Discrete Random Variable

    Takes only specific, countable values.

    Example: Number of heads in 3 coin tosses → {0, 1, 2, 3}

Continuous Random Variable

    Can take any value within a range (uncountably many values).

    Example: The time taken to run 100 meters → could be 12.5 sec, 12.56 sec, 12.567 sec, etc.

In short:

    Discrete = countable outcomes

    Continuous = measurable outcomes

Question 3: Explain the difference between discrete and continuous distributions.

Discrete Distribution

    Related to a discrete random variable.

    Probabilities are assigned to specific values.

    Example: Probability of getting 0, 1, 2, or 3 heads in 3 coin tosses.

Continuous Distribution

    Related to a continuous random variable.

    Probabilities are assigned over an interval of values, not a single point.

    Example: Probability that a person’s height is between 160 cm and 170 cm.

Key point:

    Discrete → countable values, shown with probability mass function (PMF).

    Continuous → uncountable values, shown with probability density function (PDF).

Question 4: What is a binomial distribution, and how is it used in probability?

    A binomial distribution is a probability distribution that applies when we repeat the same experiment many times, and each experiment has only two possible outcomes: success or failure.

Conditions for binomial distribution:

    Fixed number of trials (n).

    Each trial has two outcomes (success or failure).

    Probability of success (p) is the same for each trial.

    Trials are independent.

Example:

    Tossing a coin 5 times.

    Define success = getting a Head.

    Probability of exactly 3 Heads in 5 tosses follows the binomial distribution.

Uses in probability:

    To calculate the probability of getting a certain number of successes in repeated experiments.

    Example: Probability of exactly 7 boys in a family of 10 children, if the chance of a boy is 0.5.

Question 5: What is the standard normal distribution, and why is it important?

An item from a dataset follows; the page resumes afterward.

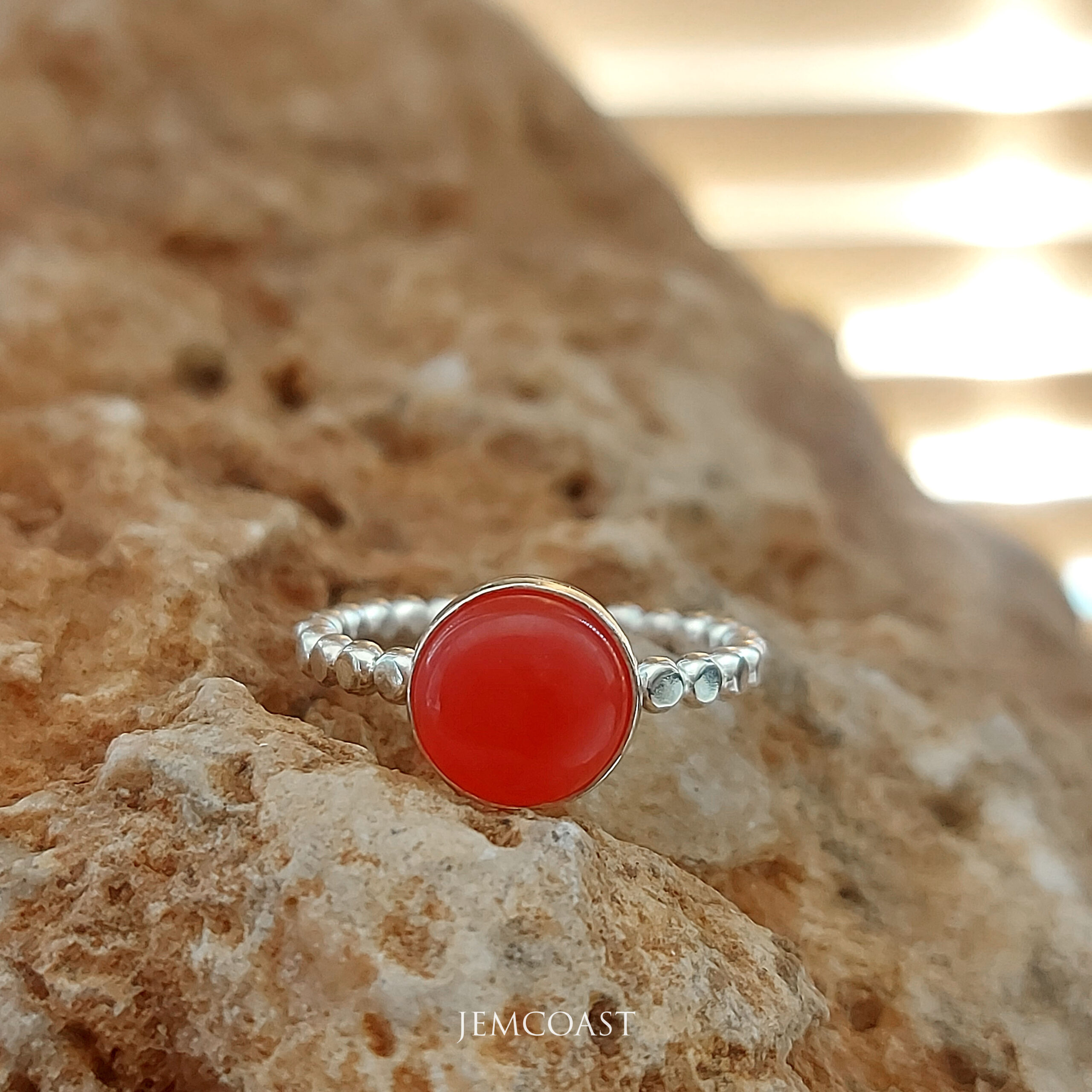 A stunning small red jade ring, made of 925 sterling silver and accented with a captivating red gemstone. This minimalist and delicate ring is a unique and artisanal piece of handmade jade jewelry that is perfect for everyday wear. Add a touch of trendiness and style to any outfit with this customizable silver accessory. Don’t miss out on this elegant and fashionable red jade ring!

Standard Normal Distribution

    The standard normal distribution is a special case of the normal (bell-shaped) distribution. It has the following features:

    Mean = 0

    Standard deviation = 1

    The curve is symmetrical around 0

Importance:

    The standard normal distribution is very important because it allows us to simplify calculations. Any normal distribution can be converted into the standard normal distribution using the z-score formula:

    z = (x - mean) / standard deviation

    By converting values into z-scores, we can use standard normal tables (Z-tables) to quickly find probabilities.

Example:

    If student heights follow a normal distribution, we can convert the heights into z-scores and then find the probability of a student’s height being above or below a certain value using the standard normal distribution

Question 6: What is the Central Limit Theorem (CLT), and why is it critical in statistics?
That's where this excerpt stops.